(Data for this exercise):
※
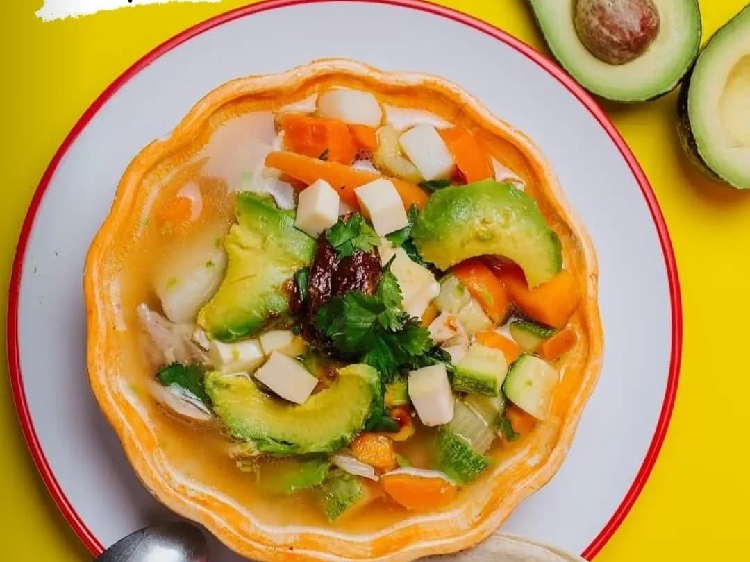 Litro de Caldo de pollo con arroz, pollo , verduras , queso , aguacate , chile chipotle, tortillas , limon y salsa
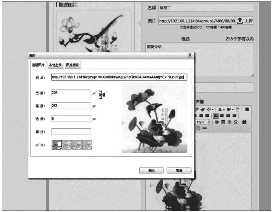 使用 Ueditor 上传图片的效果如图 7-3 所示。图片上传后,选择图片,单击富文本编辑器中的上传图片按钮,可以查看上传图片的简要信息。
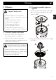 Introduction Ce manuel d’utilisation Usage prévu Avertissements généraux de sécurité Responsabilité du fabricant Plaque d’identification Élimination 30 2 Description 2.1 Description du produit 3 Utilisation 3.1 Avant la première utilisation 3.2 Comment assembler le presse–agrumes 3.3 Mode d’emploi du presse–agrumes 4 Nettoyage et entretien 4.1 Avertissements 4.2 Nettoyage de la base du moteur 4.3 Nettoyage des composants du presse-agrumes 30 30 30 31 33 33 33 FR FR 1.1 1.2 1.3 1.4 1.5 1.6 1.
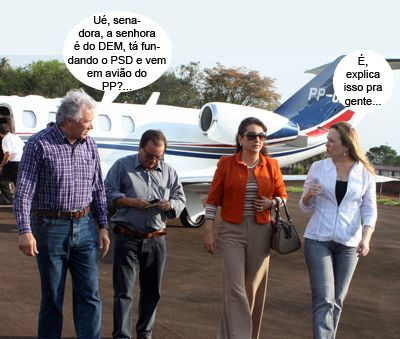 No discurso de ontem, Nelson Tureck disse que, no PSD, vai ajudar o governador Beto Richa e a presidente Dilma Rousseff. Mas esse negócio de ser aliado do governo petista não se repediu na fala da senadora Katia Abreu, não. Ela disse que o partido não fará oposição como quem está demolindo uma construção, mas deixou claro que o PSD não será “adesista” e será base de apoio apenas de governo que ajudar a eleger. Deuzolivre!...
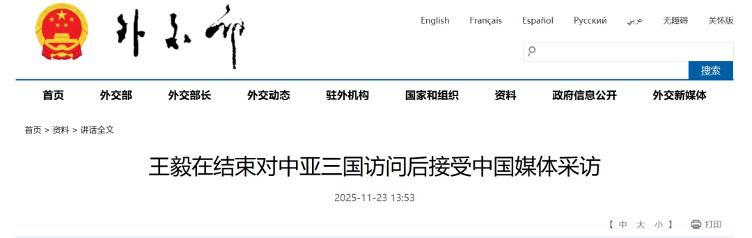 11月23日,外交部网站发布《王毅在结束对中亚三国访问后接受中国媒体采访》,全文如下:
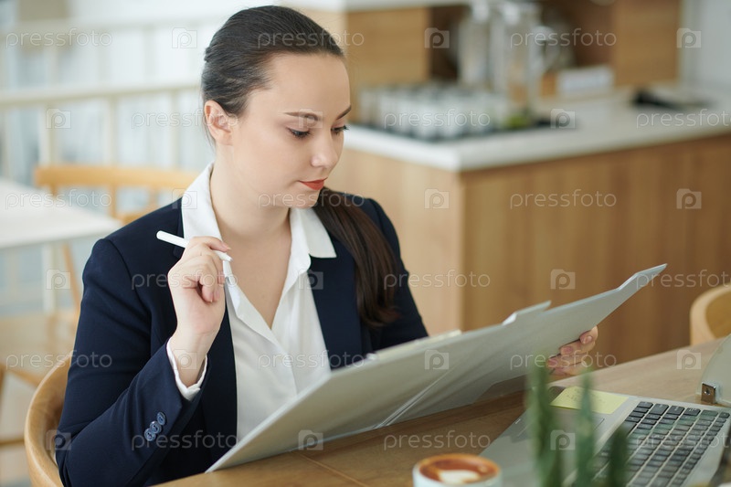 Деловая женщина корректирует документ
※
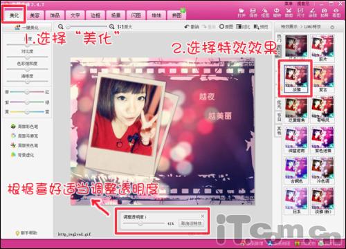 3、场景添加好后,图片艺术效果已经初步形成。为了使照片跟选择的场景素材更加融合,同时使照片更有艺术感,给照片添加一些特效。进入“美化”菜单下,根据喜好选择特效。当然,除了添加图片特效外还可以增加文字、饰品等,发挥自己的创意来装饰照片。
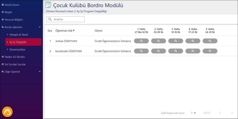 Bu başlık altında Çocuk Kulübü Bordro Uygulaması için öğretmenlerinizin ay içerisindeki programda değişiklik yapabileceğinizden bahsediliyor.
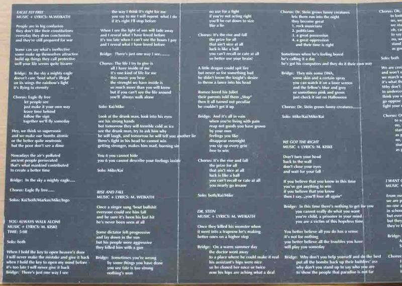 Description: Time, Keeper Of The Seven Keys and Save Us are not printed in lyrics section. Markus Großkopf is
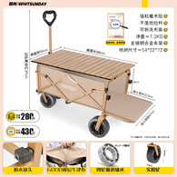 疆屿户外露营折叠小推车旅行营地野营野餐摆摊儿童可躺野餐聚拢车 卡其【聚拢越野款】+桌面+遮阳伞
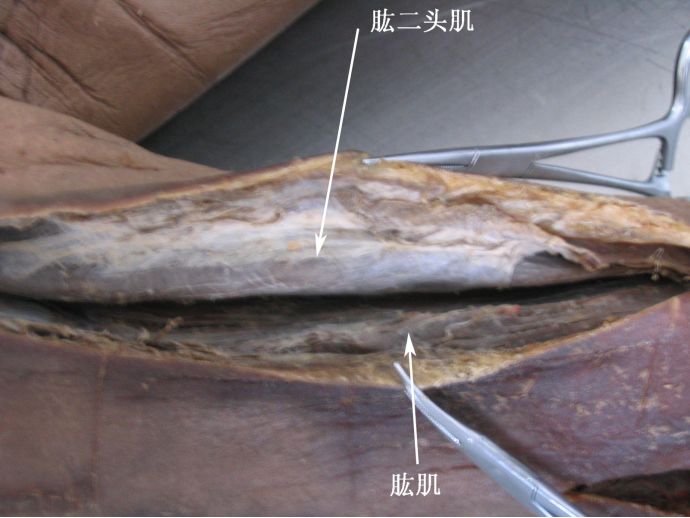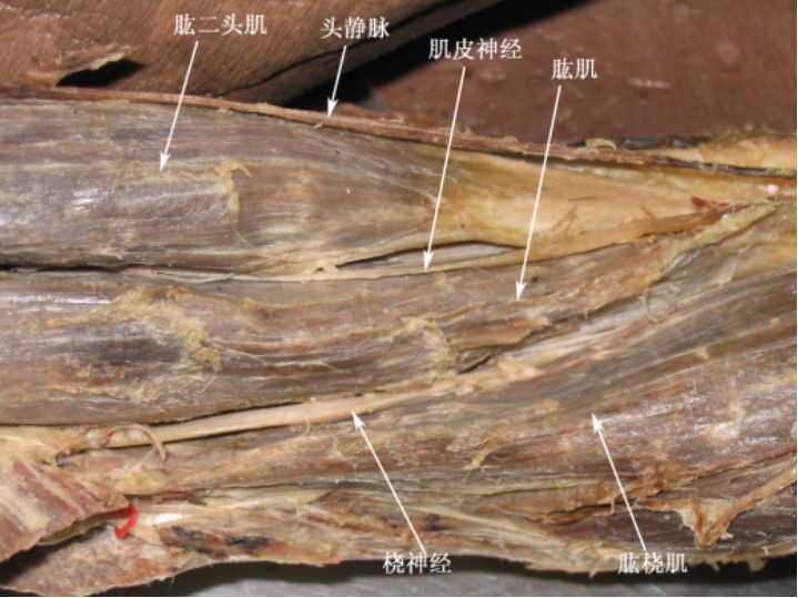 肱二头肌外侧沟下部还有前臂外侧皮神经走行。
※
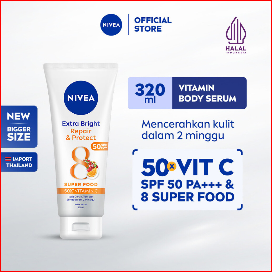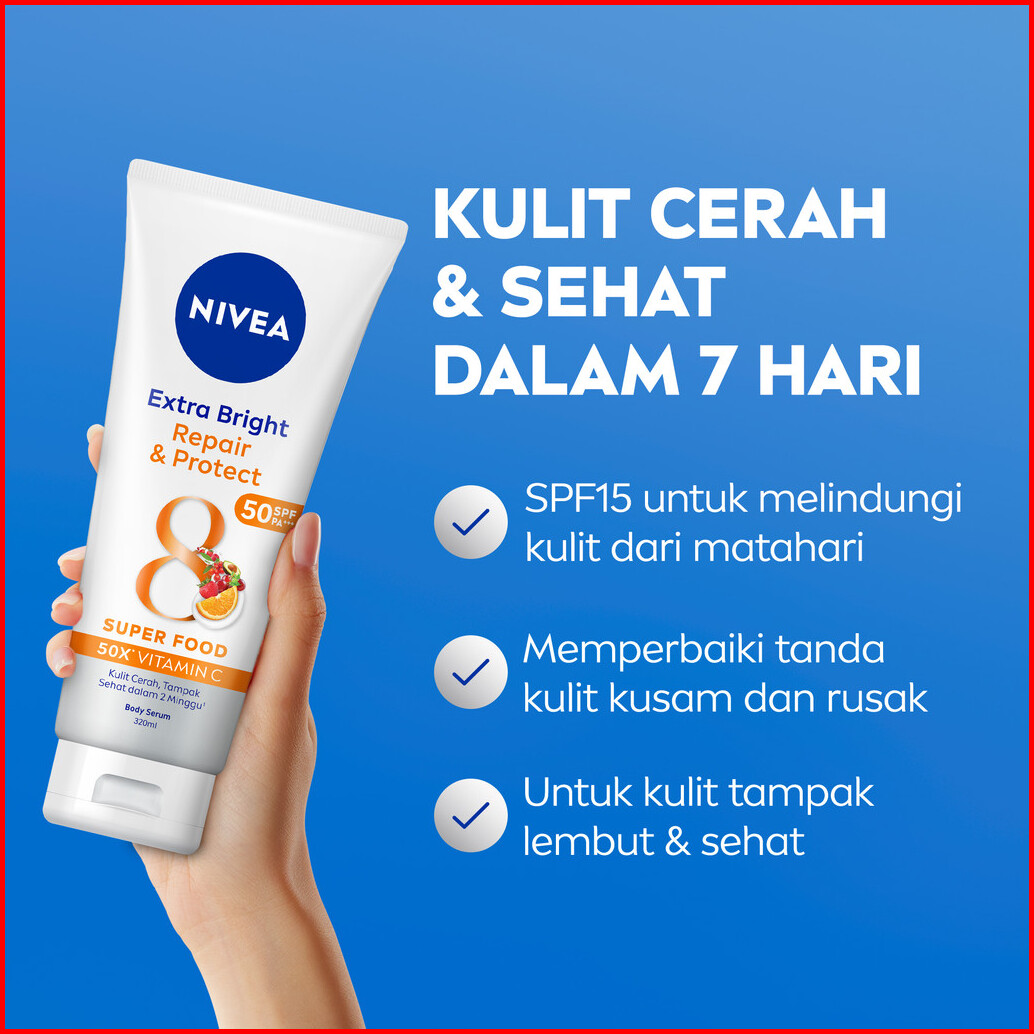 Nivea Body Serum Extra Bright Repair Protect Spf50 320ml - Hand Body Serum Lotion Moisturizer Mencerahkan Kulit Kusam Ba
※
Beginning at the line that has "Litro de Caldo" and ending at the line that has "使用 Ueditor 上传图片的效果如图", restate the listing above word for word, pictures left out.

 Litro de Caldo de pollo con arroz, pollo , verduras , queso , aguacate , chile chipotle, tortillas , limon y salsa
 使用 Ueditor 上传图片的效果如图 7-3 所示。图片上传后,选择图片,单击富文本编辑器中的上传图片按钮,可以查看上传图片的简要信息。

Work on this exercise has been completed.